SUMMARY ORDER
THIS SUMMARY ORDER WILL NOT BE PUBLISHED IN THE FEDERAL REPORTER AND MAY NOT BE CITED AS PRECEDENTIAL AUTHORITY TO THIS OR ANY OTHER COURT, BUT MAY BE CALLED TO THE ATTENTION OF THIS OR ANY OTHER COURT IN A SUBSEQUENT STAGE OF THIS CASE, IN A RELATED CASE, OR IN ANY CASE FOR PURPOSES OF COLLATERAL ESTOPPEL OR RES JUDICATA.
At a stated term of the United States Court of Appeals for the Second Circuit, held at the United States Courthouse, Foley Square, in the City of New York, on the 16th day of December, Two Thousand and Two.
UPON DUE CONSIDERATION, IT IS HEREBY ORDERED, ADJUDGED AND DECREED that the decision of said district court be and it hereby is AFFIRMED.

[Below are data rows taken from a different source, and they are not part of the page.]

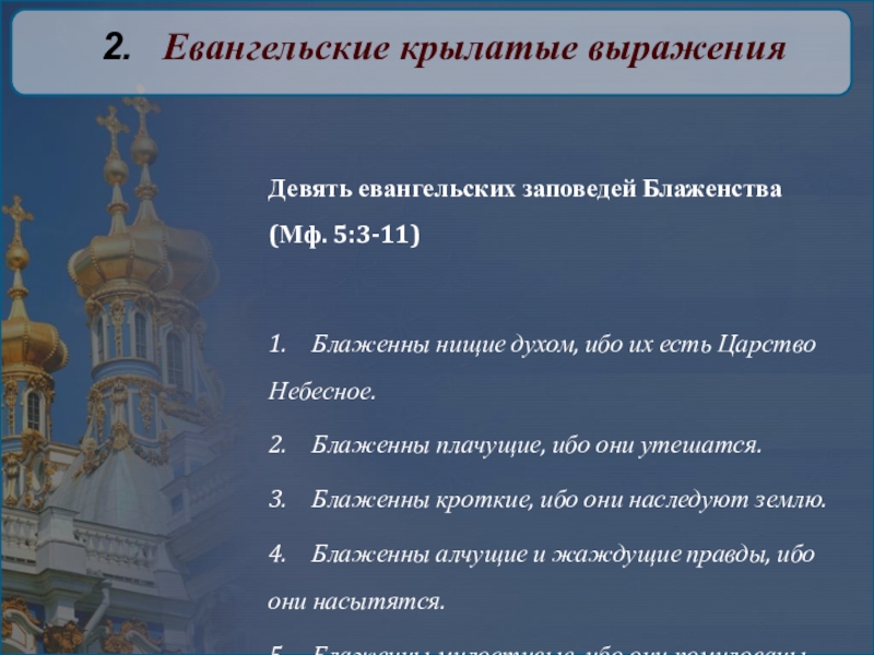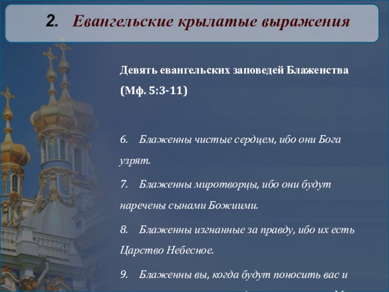 Слайд 16Девять евангельских заповедей Блаженства (Мф. 5:3-11)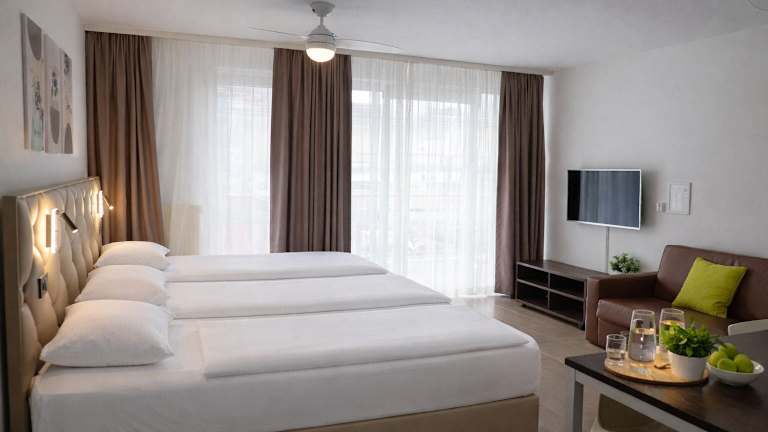 Die hellen und geräumigen Ferienwohnungen in der Unterkunft sind mit einem Bett, einem Smart-TV mit Internetzugang, einem Schlafsofa für 2 Personen, einem modernen Bad sowie einem Wohn- und Essbereich ausgestattet. Schallisolierte Zimmer und Einrichtungen für behinderte Gäste sind zudem vorhanden.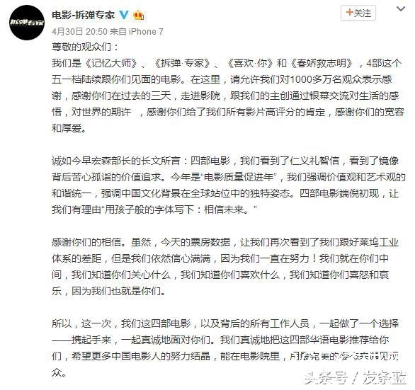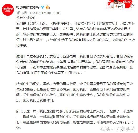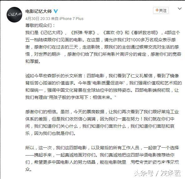 而昨天,也就是五一的第二天,《速度与激情8》毫无意外地登顶单日票房冠军。所以,其余几部国产片开始着急了,联合发布了以上的声明。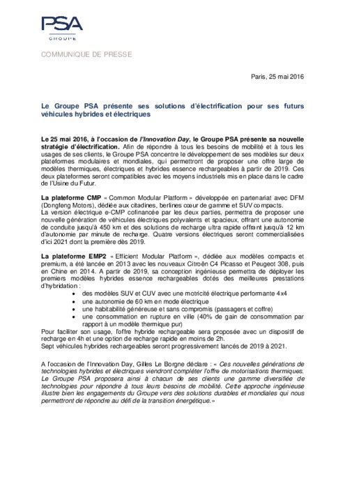 Le 25 mai 2016, à l'occasion de l'Innovation Day, le Groupe PSA présente sa nouvelle stratégie d'électrification. Afin de répondre à tous les besoins de mobilité et à tous les usages de ses clients, le Groupe PSA concentre le développement de ses modèles sur deux plateformes modulaires et mondiales, qui permettront de proposer une offre large de modèles thermiques, électriques et hybrides essence rechargeables à partir de 2019.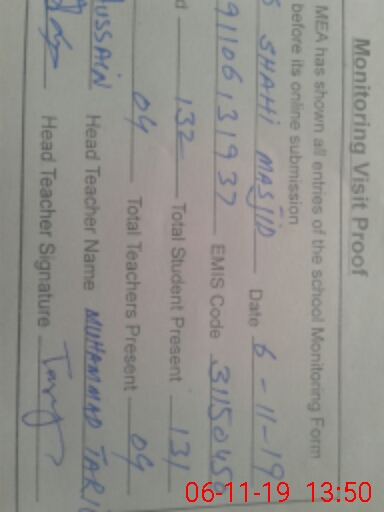 | EMIS Code: 31150450 | Name of School: GPS MASJID SHAHI MASHID | |||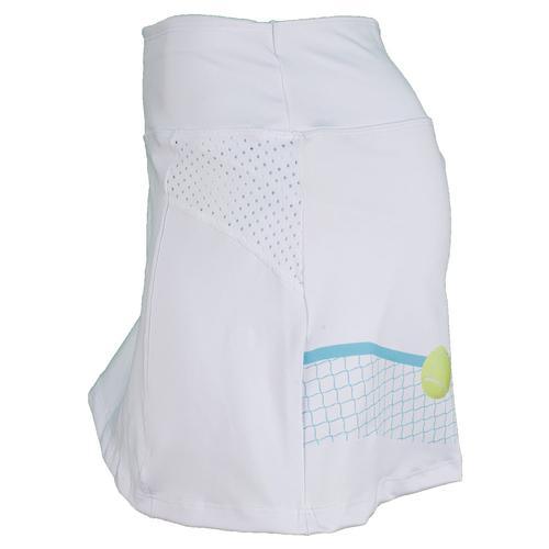 Show off your savvy sense of style in the Doué Women's Net Set Tennis Skort. Simple pull-on styling makes for long-lasting comfort while the fun ball and net graphic on the sides is sure to draw compliments. Mesh insets provide maximum ventilation so you stay fresh-feeling and teh built-in short provides both coverage and storage, making the skort just as functional as it is fashionable. Pair it with the Coordinates with the Women's Net Set Tennis Tank or mix and match it with your existing tennis wardrobe for a fresh new look!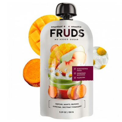 Состав: пюре яблочное, пюре персиковое, пюре из манго, пищевое волокно (инулин), клетчатка льняная, сок лимонный концентрированный, экстракт ромашки, куркума молотая.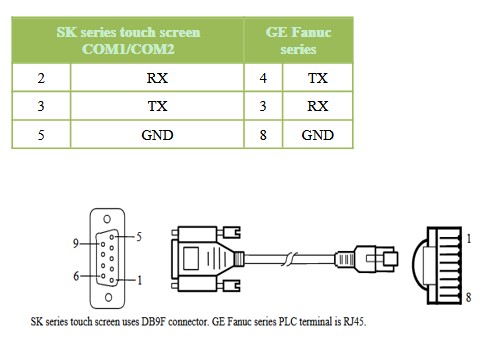 SK series touch screen uses DB9F connector. GE Fanuc series PLC terminal is RJ45

Plaintiff-appellant Elihu Fier, acting pro se, appeals from the March 21, 2002 order of the United States District Court for the Southern District of New York (John G. Koeltl, Judge), granting defendant-appellee the United States of America’s motion to dismiss pursuant to Fed.R.Civ.P. 12(b)(1) for lack of subject matter jurisdiction. On appeal, Fier challenged the district court’s ability to find facts in the context of a 12(b)(1) motion and asserted that contrary to the district court’s finding, his disbursement to the Internal Revenue Service, which matched his tax liability to the penny, was a deposit, rather than a payment of that liability. He further asserted that the statute of limitations had not yet run prior to his filing his action.
When considering a motion pursuant to Federal Rule of Civil Procedure 12(b)(1), district courts may make findings of fact. See Rent Stabilization Ass’n v. Dinkins, 5 F.3d 591, 594 (2d Cir.1993). We review district court decisions “to dismiss an action for want of subject matter jurisdiction on a Rule 12(b)(1) motion for clear error with respect to factual findings and de novo with respect to legal conclusions.” Virtual Countries, Inc. v. Republic of South Africa, 300 F.3d 230, 235 (2d Cir. 2002). We find no error here, clear or otherwise.
The judgment of the district court is AFFIRMED for substantially the same reasons stated by the district court; further, the government’s motion to strike part of the joint appendix is denied as moot.